During those long days, the cast became like a family. He’s still in touch with some of the other contestants and recently spent time with them in New York City, going to farmer’s markets and restaurants together. The “MasterChef” group is an eclectic one: Among DiGiovanni’s companions in New York were Noah Sims, a septic systems technician from Georgia; Subha Ramiah, a research and development director from West Nyack, N.Y.; Tesiny, the Brooklynite who works in sales; and Sam Haaz, an attorney from Philadelphia. DiGiovanni said he was surprised by how “real” the reality show was. “It was a real kitchen and real fire and real food and real people, not actors and actresses, just real people who love to cook at home,” he said.

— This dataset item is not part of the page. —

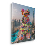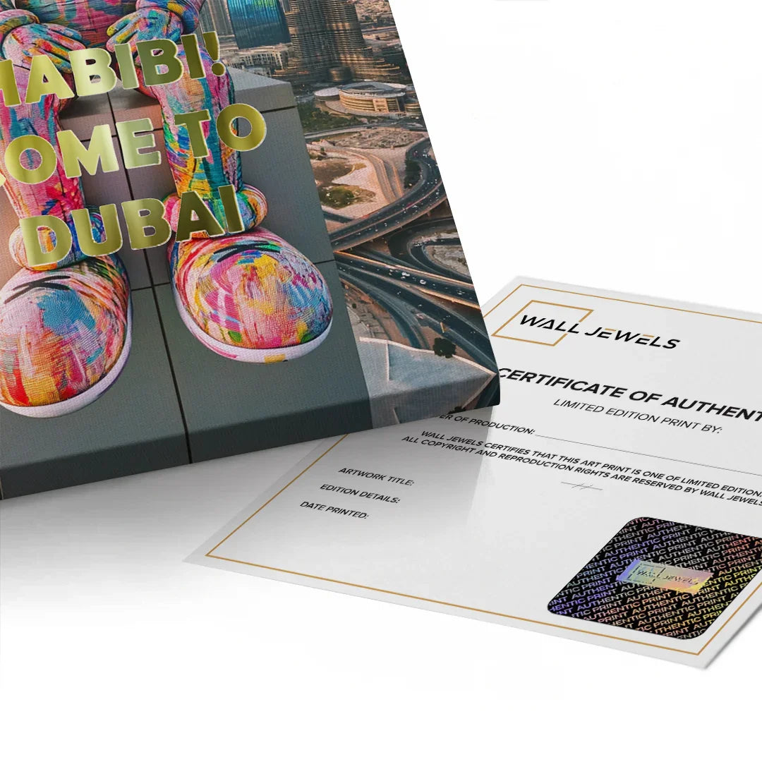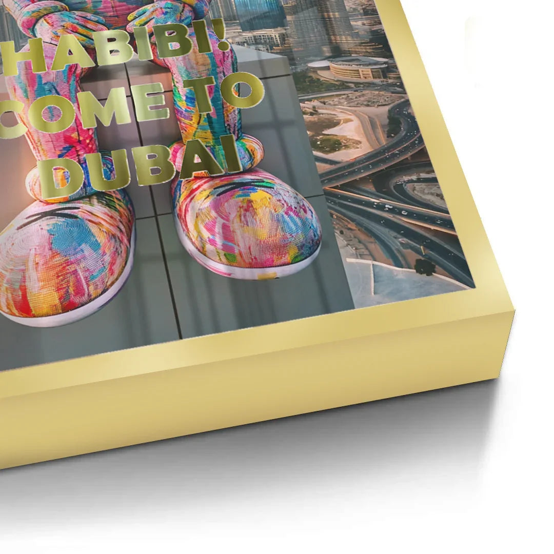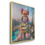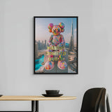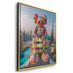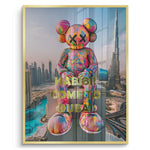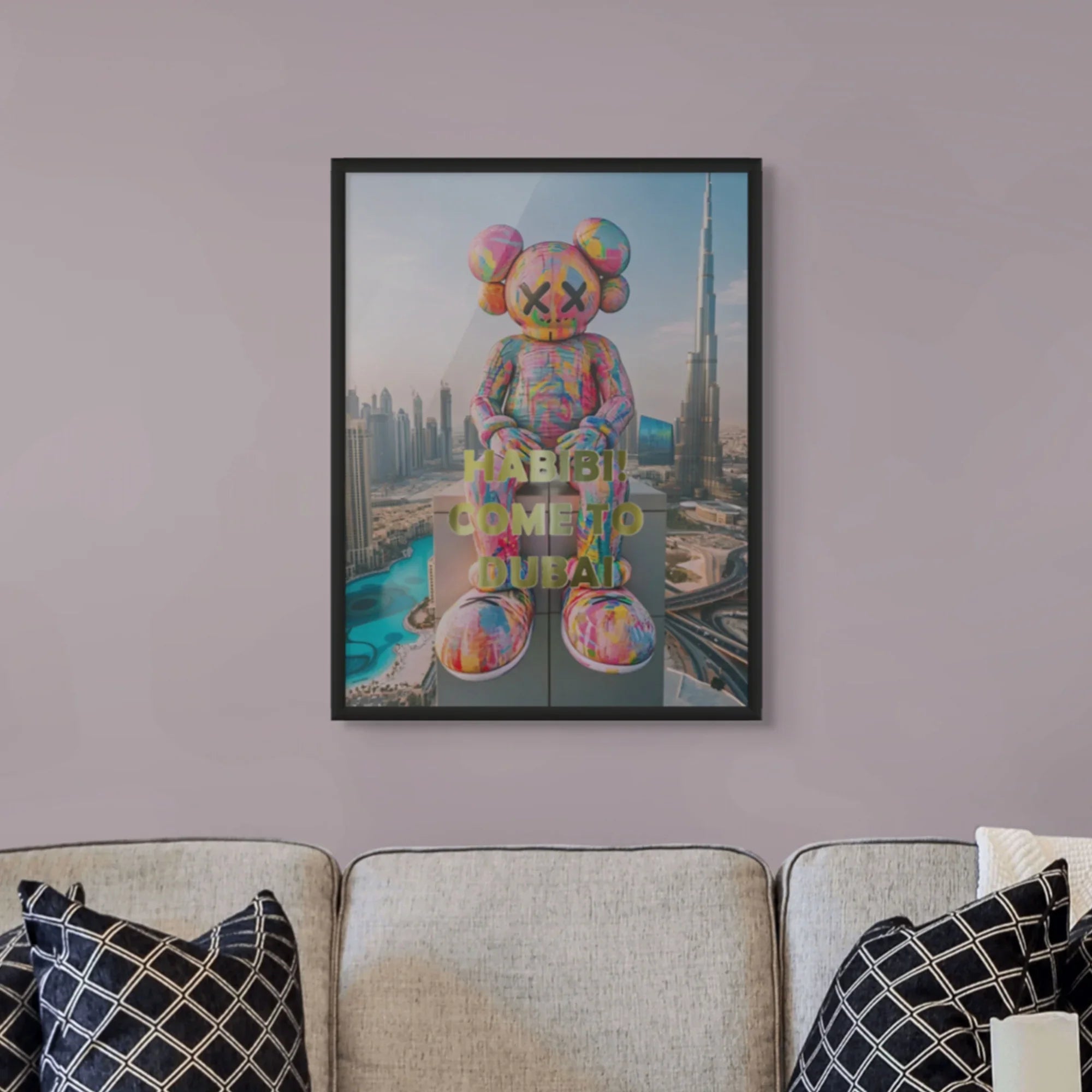KAWS gets the VIP view, perched high above Dubai with Burj Khalifa in the backdrop. Bursting with multicolor energy and gold accents, this artwork is for collectors chasing skyline statements and bold, urban-inspired centerpiece moments.

DiGiovanni wasn’t the only Boston-area contestant. Kenny Palazzolo, 46, a carpenter from the North End deemed “The Italian Stallion,” was also a top 20 finalist, but he was eliminated in the episode that aired June 12, when a judge was disappointed in the presentation — but not the taste — of his pan-seared scallops.
DiGiovanni’s Harvard roommate, Mark Czeisler, said DiGiovanni’s absence made for “kind of an interesting semester.” “I always thought I’d come home and he’d be sitting on the couch,” Czeisler said. Then at some point in the semester, DiGiovanni returned to Cambridge, “caught up on stuff, and pretended like nothing had ever happened.”
DiGiovanni already knows, of course, how the season unfolds, but he’s watching the edited footage on the same schedule as everyone else. It’s a little weird to see himself on TV, he said, but “they’ve been nice to me. I feel pretty good about the edit they’ve given me so far.”
For Czeisler, watching has been surreal.
“For so much of college we were just sitting next to each other and talking about all these what-ifs, and now he’s actually talking to Gordon Ramsay,” Czeisler said. But the figure on the screen is unmistakably the person he knows. “The thing I’ve taken away in watching the show is that he’s really being totally authentic.”
The most uncharacteristic part, according to his mother, is the “Harvard” emblazoned across his chest. “It’s definitely something he would downplay as opposed to flaunting,” Sudie DiGiovanni said. “That part is not him.”